Recorded information >>

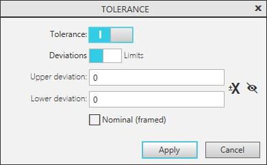 Assignment or change of a tolerance to the dimension of sketch or to the value of operation parameter is performed in the Tolerance dialog.
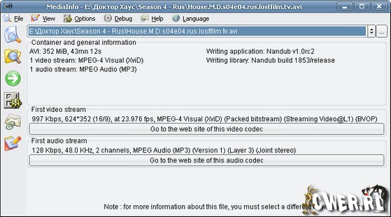 Вышла новая версия бесплатной программы, которая предоставляет подробную информацию об аудио и видео файлах. Программа показывает, каким кодеком сжато видео, с каким битрейтом, какое в нем соотношение сторон и количество кадров в секунду. Для аудиофайла MediaInfo показывает используемый кодек, битрейт, язык, количество каналов, частоту выборки и т.д. Показав сведения о файле, программа тут же посоветует, где можно скачать недостающий кодек или проигрыватель.
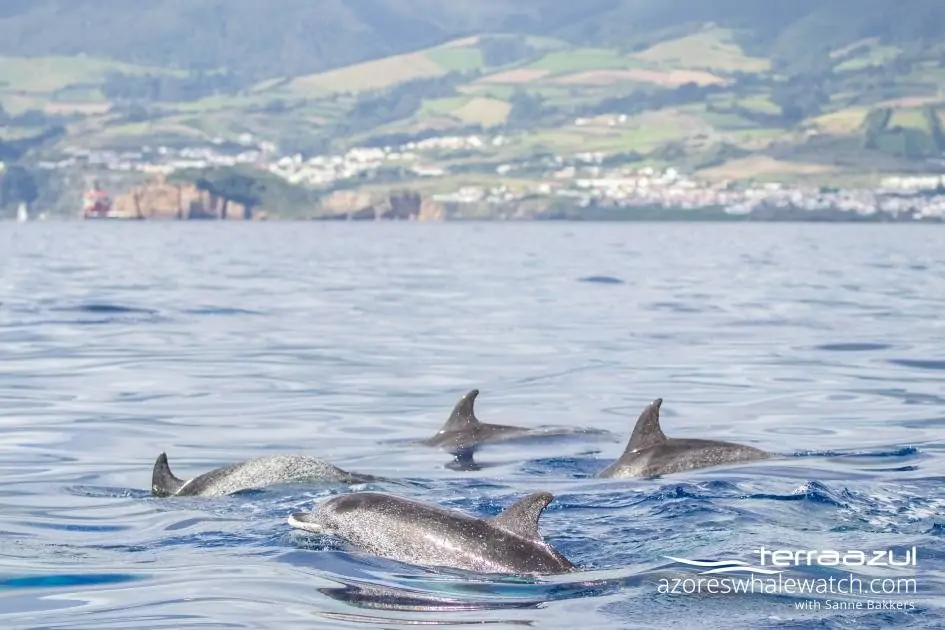 We encountered a pod of jumpy and curious Atlantic Spotted Dolphins (Stenella frontalis) looking adorable next to us and surfing the wake of the boat.
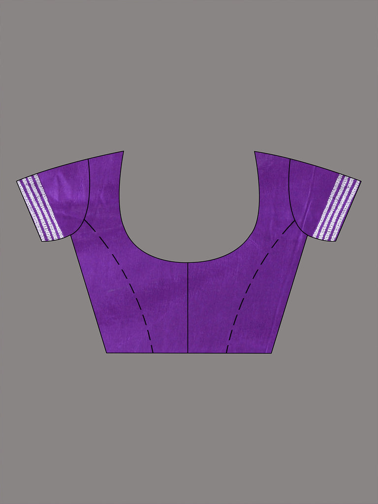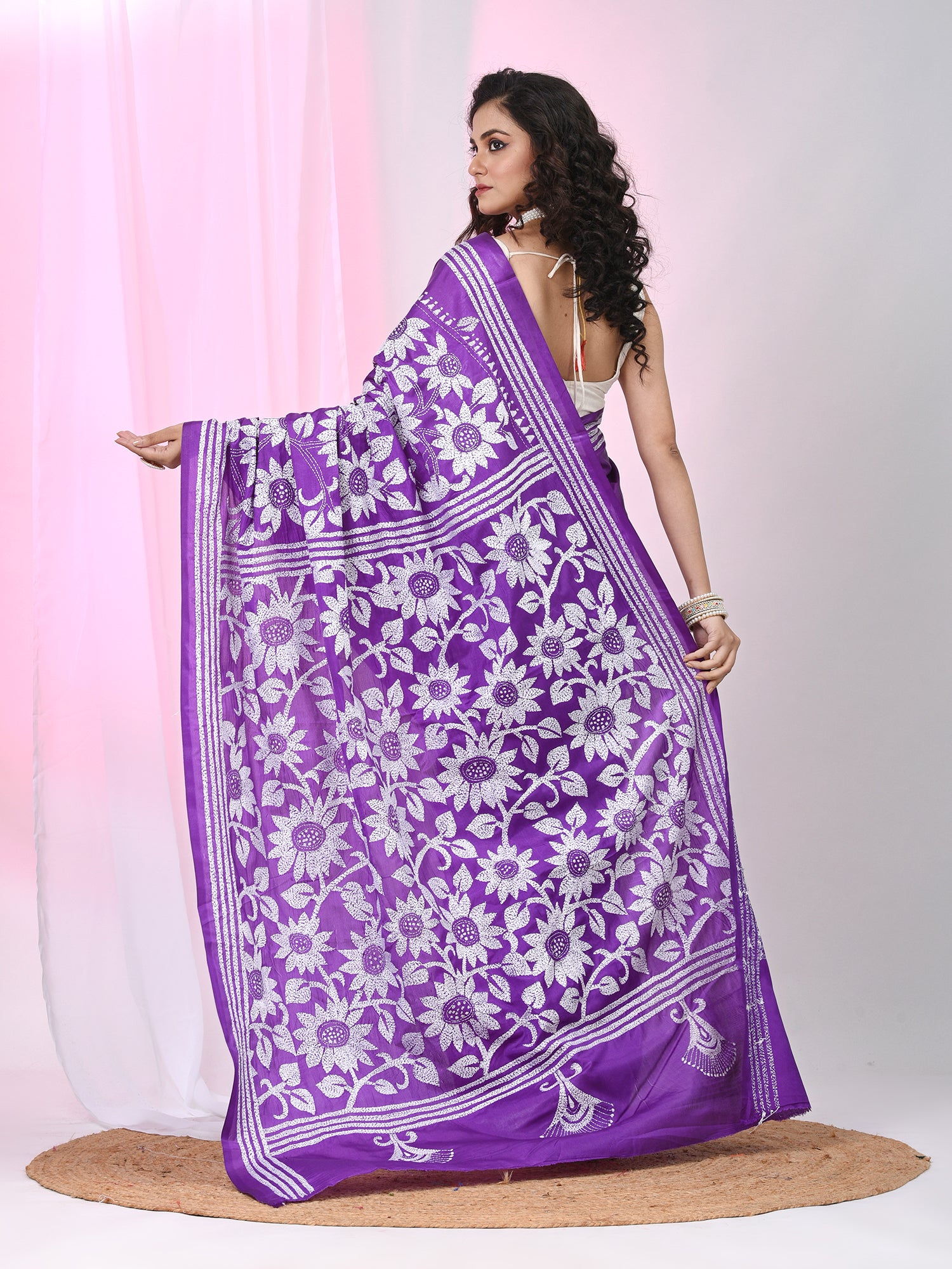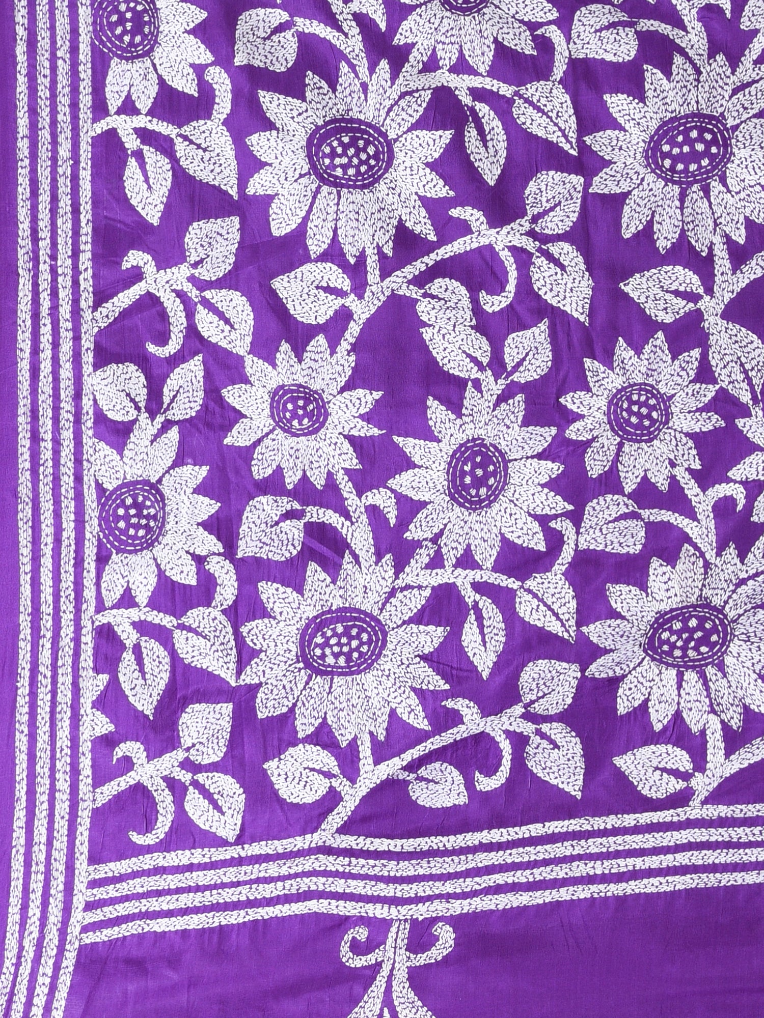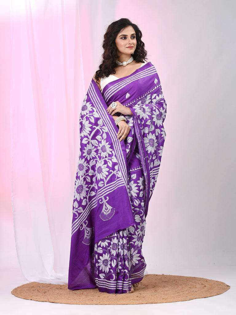Violet Silk Kantha Stitch Saree with White Floral Thread Work

Work to be completed >> The line containing "Вышла новая версия" marks the end: transcribe every line from the start of the listing up to and including it, minus the pictures.

Answer to this exercise >>
 Assignment or change of a tolerance to the dimension of sketch or to the value of operation parameter is performed in the Tolerance dialog.
 Вышла новая версия бесплатной программы, которая предоставляет подробную информацию об аудио и видео файлах. Программа показывает, каким кодеком сжато видео, с каким битрейтом, какое в нем соотношение сторон и количество кадров в секунду. Для аудиофайла MediaInfo показывает используемый кодек, битрейт, язык, количество каналов, частоту выборки и т.д. Показав сведения о файле, программа тут же посоветует, где можно скачать недостающий кодек или проигрыватель.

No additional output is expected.